MACKY FACE AU DEBAT SUR UN EVENTUEL TROISIEME MANDAT
En outre, le chef de l’Etat est obligé de gérer aujourd’hui une polémique que les membres de son propre camp ont installée dans le pays. La problématique d’un éventuel troisième mandat indispose actuellement le débat politique. Et Macky Sall devrait aussi gérer les dégâts collatéraux, particulièrement des sorties de l’ancien Premier ministre Boun Abdallah Dionne et du ministre d’Etat Mbaye Ndiaye. Le premier est allé plus loin en appelant à supprimer la limitation des mandats présidentiels au Sénégal. Quant au Directeur des structures de l’APR, il a défendu clairement l’idée selon laquelle Macky a le droit de se représenter en 2024. Ajouté à cela, Macky devra gérer les querelles au niveau de sa formation politique où le débat sur sa succession a fini de créer des camps à l’interne.
UN SCENARIO SIMILAIRE VECU ENTRE 2012 ET 2019
Toutefois, il faut dire que Macky Sall doit être habitué à gouverner dans la contestation. En effet, tout son premier mandat a été rythmé par des marches et autres manifestations. Contrairement à ce qu’on aperçoit aujourd’hui avec acteurs citoyens en première ligne, les manifestations entre 2012 et 2019 étaient plus portées par des formations politiques et autres coalitions de partis. Quand le président de la République est venu au pouvoir en 2012, il a activé la CREI et emprisonné Karim Wade. Son régime a ainsi fait face, entre 2013 et 2016, à de nombreuses manifestations du PDS, Abdoulaye Wade en tête. Les libéraux ont de ce fait essayé de mener la vie dure à Macky Sall, soutenus en cela par des alliés réunis autour du front pour la défense des intérêts de la République (FPDR).
De nombreux caciques du PDS ont fait la prison dans ce combat jusqu’à ce que Karim Wade soit libéré. Juste après, Macky a été obligé de gérer une nouvelle force qui s’est dressée sur son chemin, la coalition Mankoo Wàttu Sénégal. Une entité regroupant en majorité des acteurs politiques et qui a eu à dénoncer la gestion des ressources pétrolières et gazières du pays. Notamment l’affaire PETRO-TIM dans lequel est impliqué le frère du Président, Aliou Sall. D’ailleurs, certaines de leurs manifestations ont été sévèrement réprimées.

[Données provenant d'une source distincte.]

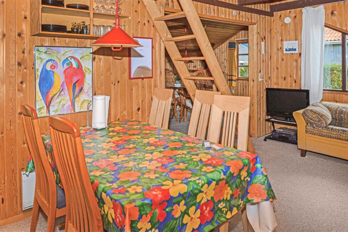 Het interieur met houten panelen van dit traditionele vakantiehuis op een rustige locatie is kleurrijk en uitnodigend. Verheug je op gezellige avonden voor de open haard met bordspellen of ontspan met een spannend boek in de huiselijke sfeer. Verwen jezelf met je favoriete gerechten, die je samen kunt bereiden in de liefdevol uitgeruste keuken.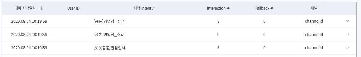 | 대화 시작 일시 | 대화 세션의 시작 일시를 뜻합니다. Chatbot 개발자 PC의 시간대(Timezone) 기준으로 보여집니다. |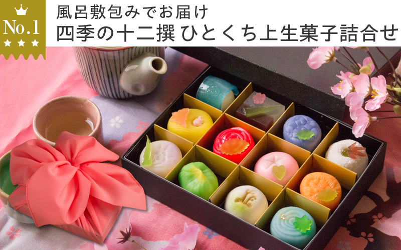 彩り鮮やかな上生菓子は日本三大菓子処「松江」伝統の味。食べてしまうのがもったいないほど美しい、宝石のような和菓子を風呂敷包みでお届けします。

Et presque concomitamment, Khalifa Sall a été emprisonné dans l’affaire de la caisse d’avance de la ville de Dakar. Très vite, l’opposition réajuste avec comme principale revendication la libération de l’ancien maire de Dakar et le retour de Karim Wade en « exil forcé ». Ce, sans compter les complaintes sur le processus électoral, l’adoption controversée de la loi sur le parrainage, la fixation de la caution pour l’élection présidentielle, entre autres faits décriés jusqu’à la fin du premier mandat du Président Sall en 2019. Pour dire que finalement, Macky n’a régné jusqu’ici que dans la contestation. Et aujourd’hui encore, il est en très mauvaise posture.